I understand that growing up in a culture where sex is so taboo and hard to get access to, it can be an intimidating thing, especially if left all the way till the wedding night (I get so many questions about pre-wedding-night nerves), but try to relax and take it slow. You’ll be fine. Don’t expect things to work perfectly the first time around. If it so happens that you can’t go through with penetration the first time… don’t worry, it happens a lot. Just try again at another time. One step at a time.
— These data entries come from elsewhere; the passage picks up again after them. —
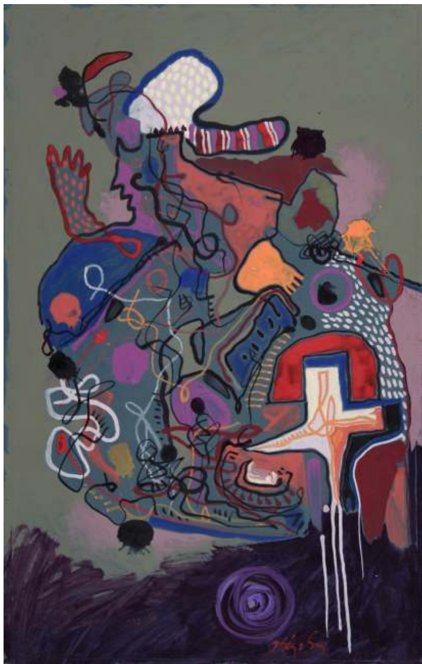
Untitled - 20 x13 inches - acrylic on paper - 2007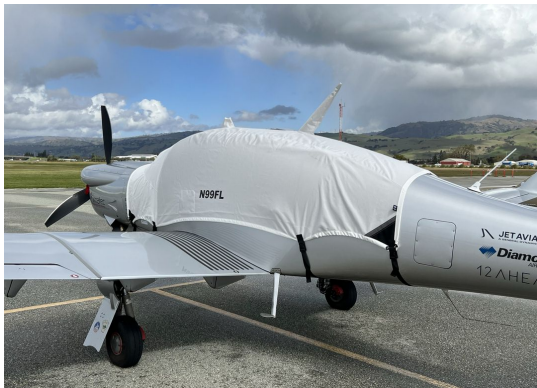
Diamond DA-50 Canopy Cover

This cover type is made from Silver Acrylic Sunbrella canvas and is 100% lined with a soft and smooth microfiber. Bruce's Custom Covers developed this material combination especially for aircraft protection. The outer material is medium weight and treated for water resistance, UV resistance and anti-static buildup. The inner lining is a very soft and smooth microfiber to prevent scratching. The material is very reflective, and tests show that the cabin interior temperature can be reduced to near-ambient temperature on the hottest of days. It is water, ice and snow repellent, yet breathable to allow moisture to escape from between the cover and the aircraft surface.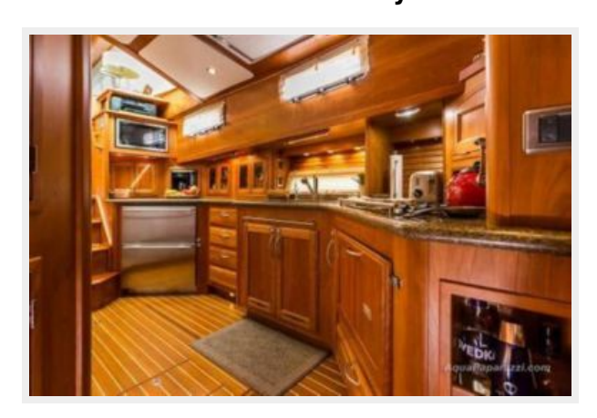
52 Sabre Galley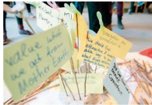
"Living a good life", "the rights of Mother Earth" and "sustainability" – the guiding themes of the network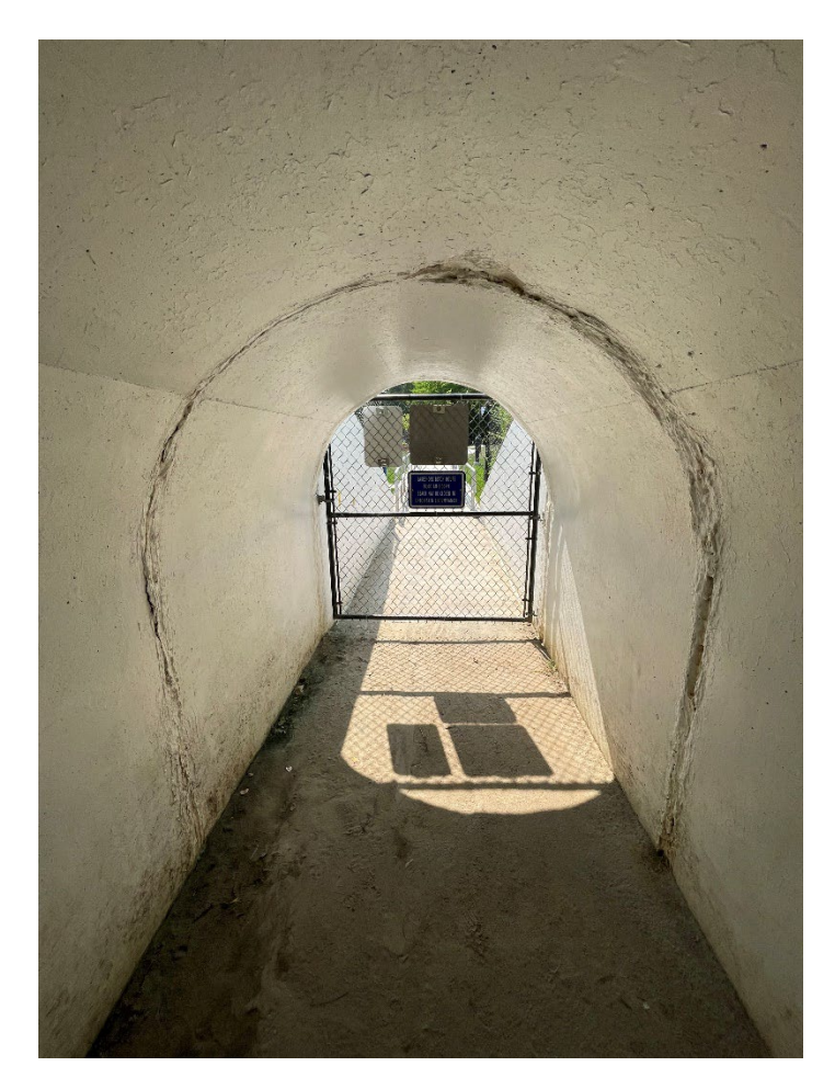
Before – Inside tunnel

3rd thing is, whenever I rub on her clit, or on the vaginal lips (I don't know what to say them), she gets so much excited and wet, and when I try to rub faster and lets say go for 30-40 seconds like this, she stops me suddenly and says she can't have more. When I ask her about the feelings she has, she says that it feels like butterflies in the stomach :) lol. And I have to think, how can someone feel butterflies in the stomach during Sex :) So, my question is, is that the weak orgasm she has or something else? And what should I do in this case, because I want to pleasure her more and more, because she is amazing when pleasuring me (gives me best blowjobs, handjob and enjoys every move) so I care for her in the same manner and I do want to give more pleasure to her. Please guide me on this as well.
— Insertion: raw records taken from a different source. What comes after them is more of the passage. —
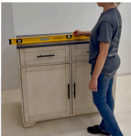
Check front-to-back and side-to-side level of case.

Step 3. Once leveling is complete use caps provided to cover the pilot holes and prevent debris from collecting in holes.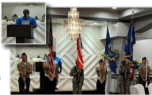
Ellet High School Jr. ROTC Presenting the Colors to Stand Down Opening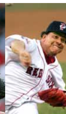
Bartolo Colon 4-2, 4.09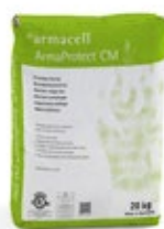
ArmaProtect CM Firestop mortar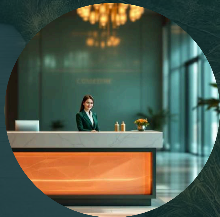
Service & Security 24/7 security and concierge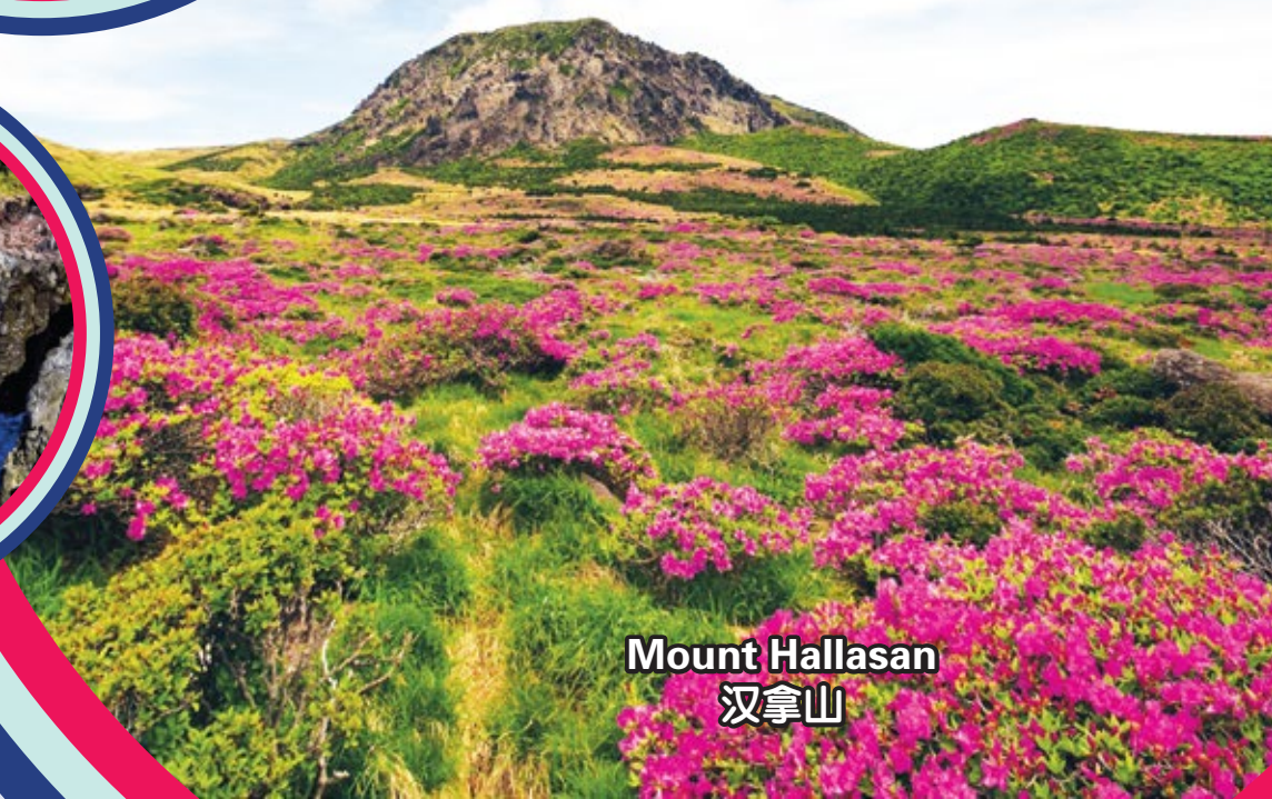
Mount Hallasan 汉拿山

行程次序，以当地旅社安排为准。 Sequences of Itinerary are subject to local arrangement.

It could be that she is orgasming in that short time….but i’ve also spoken to women who get close to orgasm and get anxious about the building up/climactic feeling that comes with…and so, stop right before they reach orgasm. You’ll have to ask her more questions to determine whether she has had one or not. If she has, and you both would like to try and go longer than 30 seconds, then perhaps try again after a couple of hours…most likely she won’t climax yet again within 30 seconds… And yes, the intensity of orgasms does vary…from person to person and within the same person too. Some times will be more intense than others.
Hope that helps! Good luck to you both :)
In the last, I again want to let you know that you are doing a great stuff, and believe me, Pakistan is the most sexually repressed society. The men here are the most hypocritical species. Even in the educated class, there are most of them who only care for themselves. I don't want to be like that and that's why, I communicate with my fiancée a lot, but these are the questions which bother me.